_What you should do_
Could you write out, exactly as they stand, only the lines in the listing below from the line with "как выглядит ProtoArc" to the line with "主臥木質(zhì)的家具,窗", both ends included, without the pictures?

_Material to process_
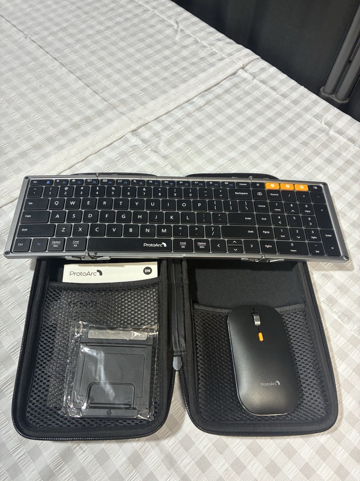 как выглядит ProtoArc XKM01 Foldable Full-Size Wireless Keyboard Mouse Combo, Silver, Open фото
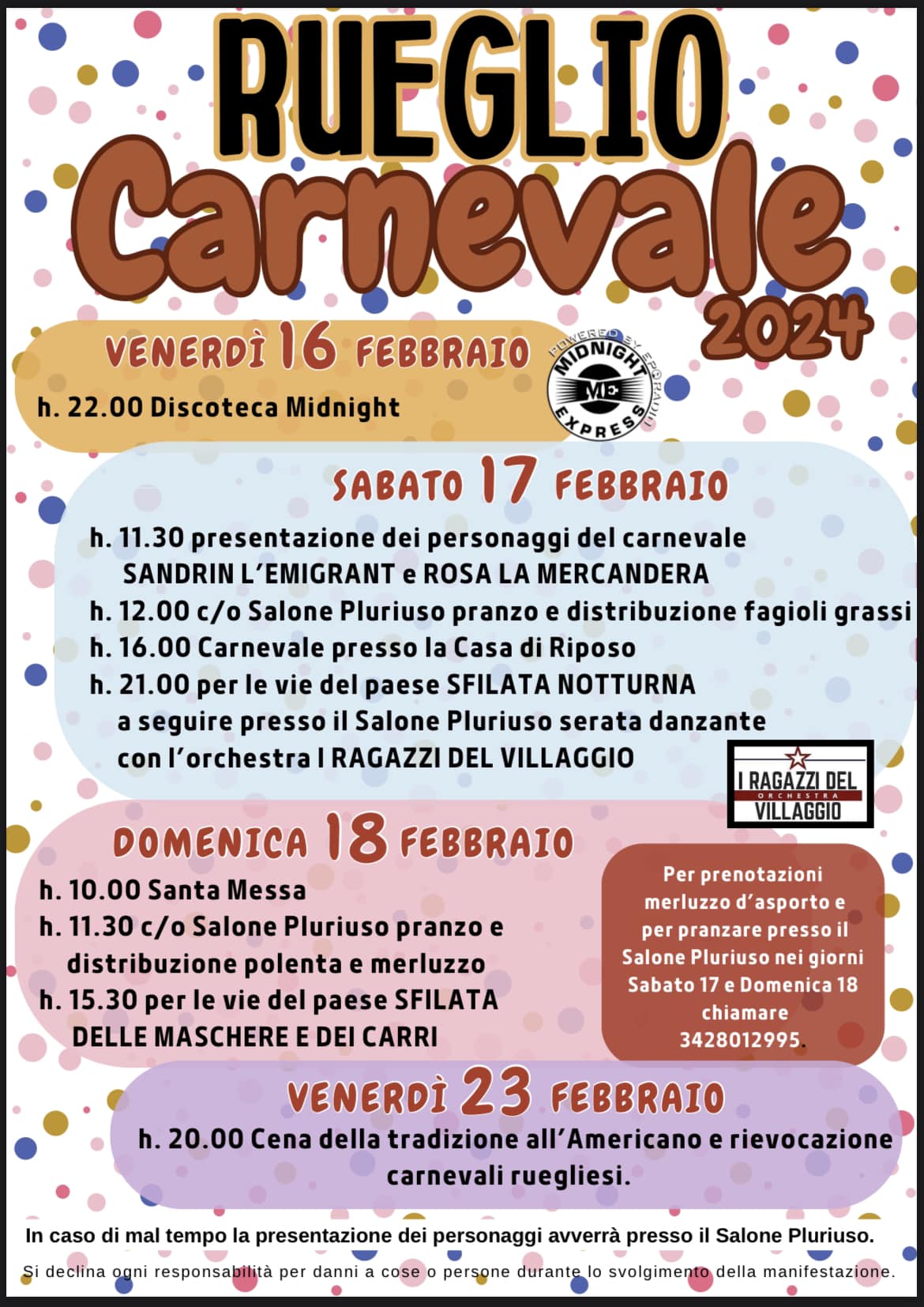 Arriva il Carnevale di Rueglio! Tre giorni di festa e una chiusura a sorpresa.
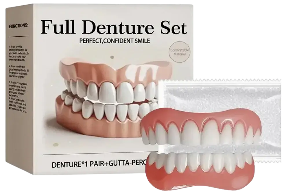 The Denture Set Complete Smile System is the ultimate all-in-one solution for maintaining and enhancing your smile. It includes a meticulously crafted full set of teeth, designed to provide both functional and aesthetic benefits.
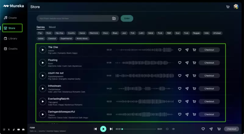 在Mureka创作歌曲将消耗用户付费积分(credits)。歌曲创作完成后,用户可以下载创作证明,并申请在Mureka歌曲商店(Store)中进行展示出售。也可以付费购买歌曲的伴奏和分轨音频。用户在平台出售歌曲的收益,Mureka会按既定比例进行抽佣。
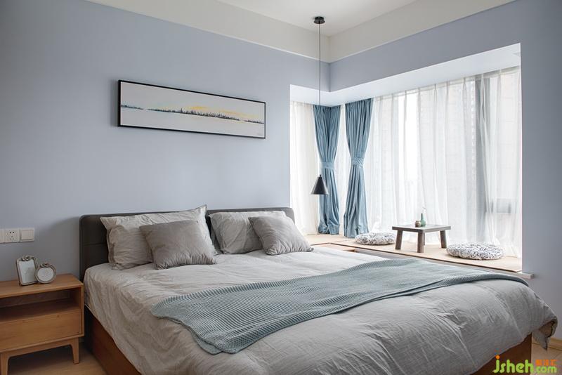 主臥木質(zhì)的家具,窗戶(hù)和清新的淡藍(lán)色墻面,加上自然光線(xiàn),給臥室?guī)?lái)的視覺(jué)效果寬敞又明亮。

---

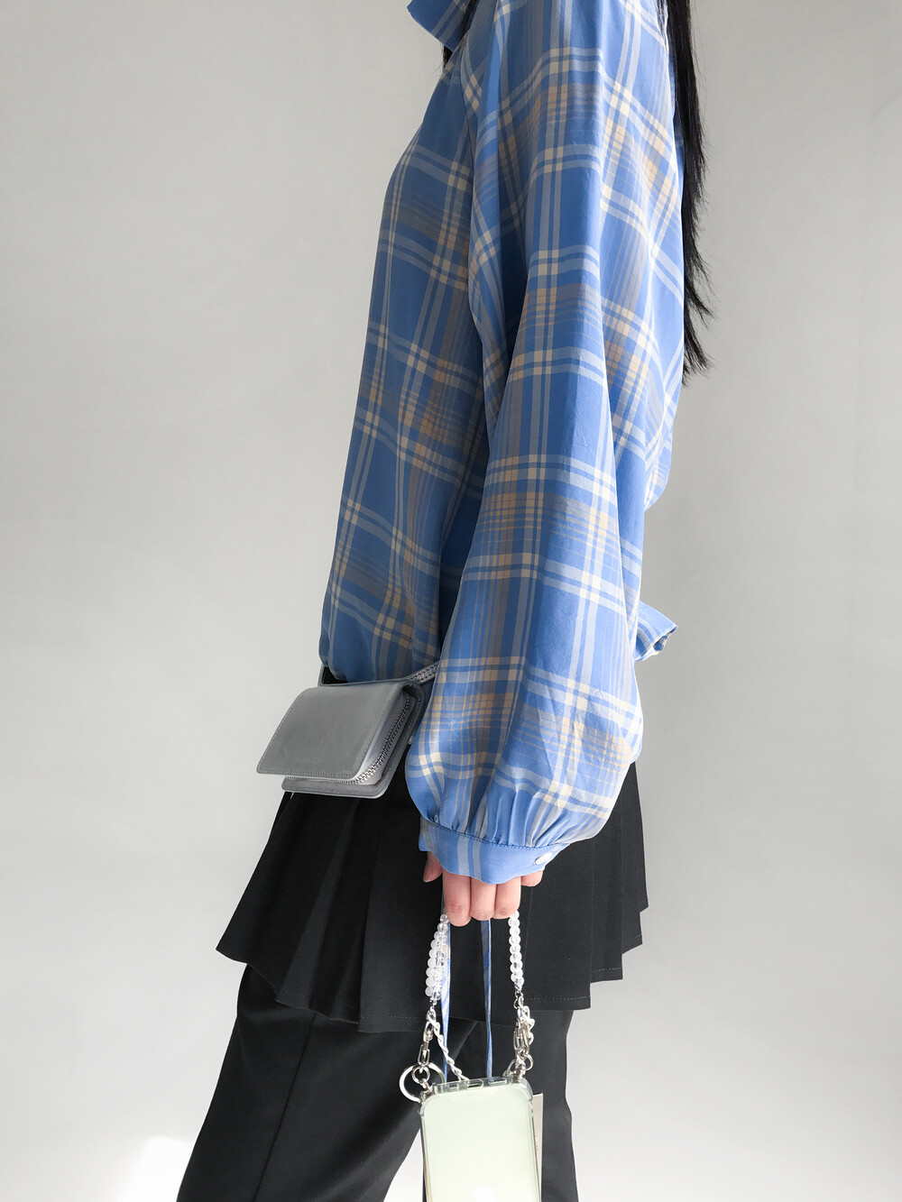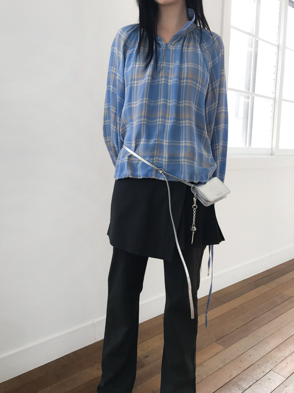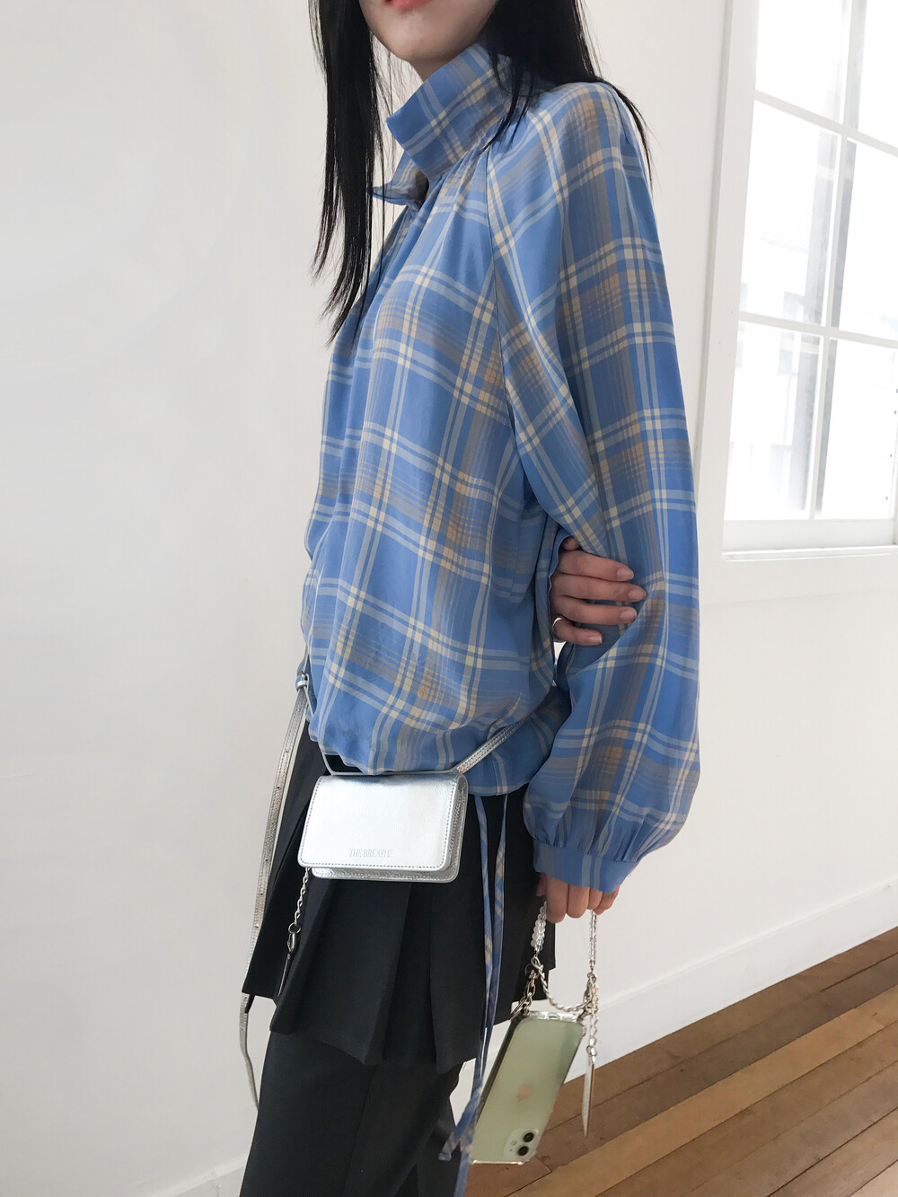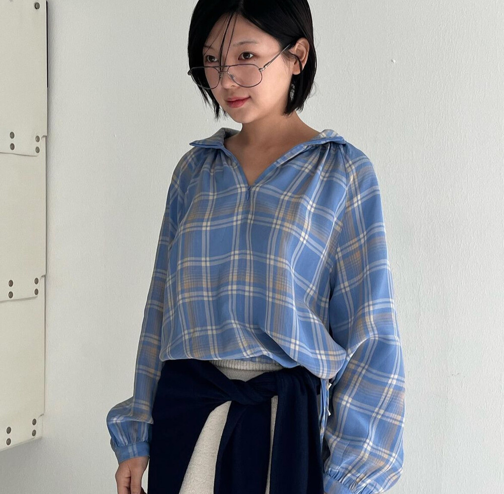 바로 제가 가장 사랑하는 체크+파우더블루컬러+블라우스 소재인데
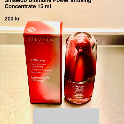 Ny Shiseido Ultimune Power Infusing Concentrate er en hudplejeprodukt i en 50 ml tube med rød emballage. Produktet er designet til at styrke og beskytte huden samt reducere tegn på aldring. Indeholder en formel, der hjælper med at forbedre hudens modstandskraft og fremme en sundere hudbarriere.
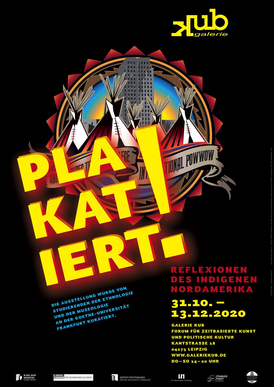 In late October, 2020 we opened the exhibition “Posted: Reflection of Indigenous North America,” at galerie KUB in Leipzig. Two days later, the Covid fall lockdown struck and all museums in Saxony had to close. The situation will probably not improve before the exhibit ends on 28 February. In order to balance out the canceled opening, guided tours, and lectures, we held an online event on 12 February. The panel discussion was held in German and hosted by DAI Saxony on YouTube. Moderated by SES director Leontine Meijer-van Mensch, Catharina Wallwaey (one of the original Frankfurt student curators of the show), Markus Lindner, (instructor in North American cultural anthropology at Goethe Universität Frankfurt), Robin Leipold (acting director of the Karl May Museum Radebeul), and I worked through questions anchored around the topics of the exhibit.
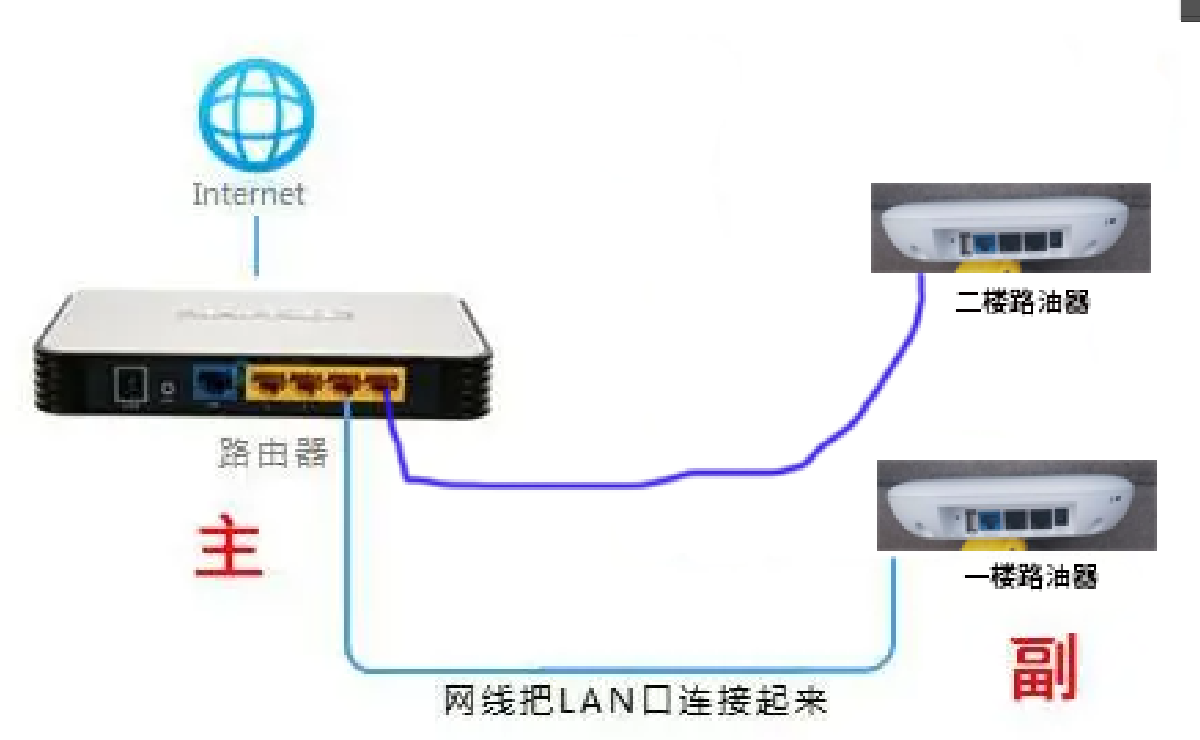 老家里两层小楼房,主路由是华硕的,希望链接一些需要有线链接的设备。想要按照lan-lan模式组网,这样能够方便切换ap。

_Answer area_
 как выглядит ProtoArc XKM01 Foldable Full-Size Wireless Keyboard Mouse Combo, Silver, Open фото
 Arriva il Carnevale di Rueglio! Tre giorni di festa e una chiusura a sorpresa.
 The Denture Set Complete Smile System is the ultimate all-in-one solution for maintaining and enhancing your smile. It includes a meticulously crafted full set of teeth, designed to provide both functional and aesthetic benefits.
 在Mureka创作歌曲将消耗用户付费积分(credits)。歌曲创作完成后,用户可以下载创作证明,并申请在Mureka歌曲商店(Store)中进行展示出售。也可以付费购买歌曲的伴奏和分轨音频。用户在平台出售歌曲的收益,Mureka会按既定比例进行抽佣。
 主臥木質(zhì)的家具,窗戶(hù)和清新的淡藍(lán)色墻面,加上自然光線(xiàn),給臥室?guī)?lái)的視覺(jué)效果寬敞又明亮。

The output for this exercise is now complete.